My hunting equipment consisted of a Wing 42# 62” wood and fiberglass laminate bow, a dozen arrows made of Port Orford cedar with turkey quills for fletchings and a Kwikee quiver, which clamped to the limbs of the bow and left the Bear Razorheads exposed.
A simple military camo, today it would be close to Woodland camo, cotton poncho.
That was it. No tree stands; they were a decade away, and fiberglass arrows were a couple of years away, and aluminum a few years after that.
I had been hunting a few days, and had managed a shot at a doe when I awoke from a nap at the base of a hemlock tree the previous day.
I was working my way down a tote road with all the stealth I could muster when a snowshoe hare hopped across the trail in front of me. I remember thinking what a good cacciatore he would make. So I drew and fired and watched the arrow sail just over his back.
As I searched for the arrow, I came across another arrow. It was white with a Pearson Magnum broadhead. That head weighed much more than my Bears, but I decided to keep it on the rest in case I saw the hare again. No sense in using one of my own arrows on such an animal and chance losing or breaking it.
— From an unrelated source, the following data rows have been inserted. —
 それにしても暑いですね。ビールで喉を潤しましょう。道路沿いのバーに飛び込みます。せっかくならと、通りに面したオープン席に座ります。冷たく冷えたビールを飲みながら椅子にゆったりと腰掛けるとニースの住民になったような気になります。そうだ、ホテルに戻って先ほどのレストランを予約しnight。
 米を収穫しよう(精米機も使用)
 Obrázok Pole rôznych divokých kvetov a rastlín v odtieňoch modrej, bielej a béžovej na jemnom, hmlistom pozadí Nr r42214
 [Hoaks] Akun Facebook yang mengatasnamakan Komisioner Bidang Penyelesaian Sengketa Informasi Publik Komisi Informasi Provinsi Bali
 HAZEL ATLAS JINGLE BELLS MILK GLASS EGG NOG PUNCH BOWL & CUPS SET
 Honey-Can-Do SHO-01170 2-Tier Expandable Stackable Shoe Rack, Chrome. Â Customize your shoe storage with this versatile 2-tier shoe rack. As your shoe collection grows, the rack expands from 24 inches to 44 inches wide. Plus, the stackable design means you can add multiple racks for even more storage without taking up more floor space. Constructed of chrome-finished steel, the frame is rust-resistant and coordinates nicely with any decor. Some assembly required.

Back down the tote road another few yards and suddenly this beautiful six pointer jumps the road in front of me, from left to right. It was at that time the biggest deer I had ever seen in the woods.
I knew instantly where he was headed. I ran down the tote road past where he had crossed. I knew the road would cut hard right shortly after that. I made the corner and took another hard right into the field where I knew he would cross.
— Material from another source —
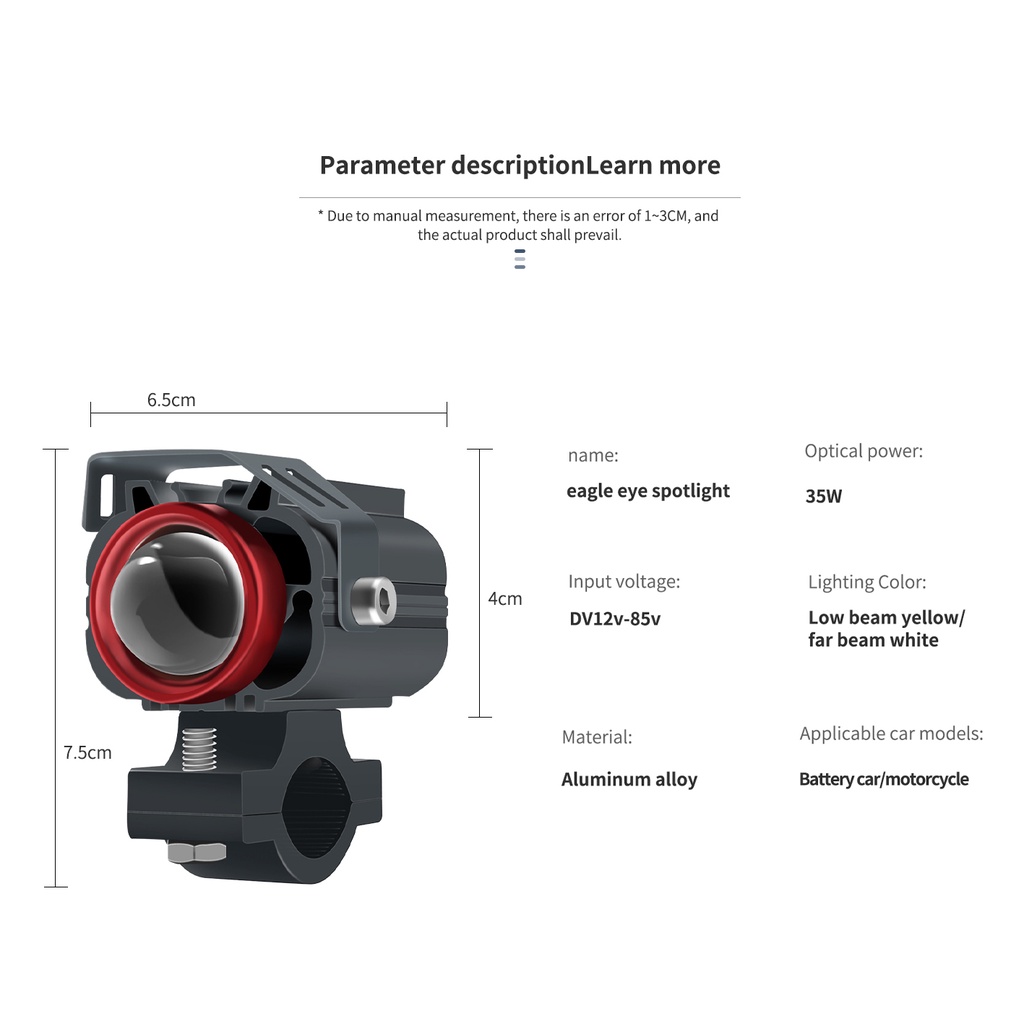 Motorcycle LED Spot Light Mini Driving Light White Yellow High and low light Motorcycle spotlight Fog Lamp

He did. I was 2 seconds away from getting into my comfort zone of 30 yards for a shot. He stepped into the field, head up and alert, at about 40 yards. I could make that shot. I practiced at that range often enough to feel that way.
He turned his head to the left, and I drew. My heart sank! There was the stupid Pearson broadhead!
I knew I was in trouble. I knew it weighed much more than my broadheads, so I adjusted my shot to hopefully compensate and let fly. I watched for what seemed forever as the arrow passed behind the left front leg and under the chest. What a helpless feeling as he turned back towards the tote road.
I cursed the fate of finding that stupid arrow. I looked forever for it and blood, but in the tall grass it was gone….I thought.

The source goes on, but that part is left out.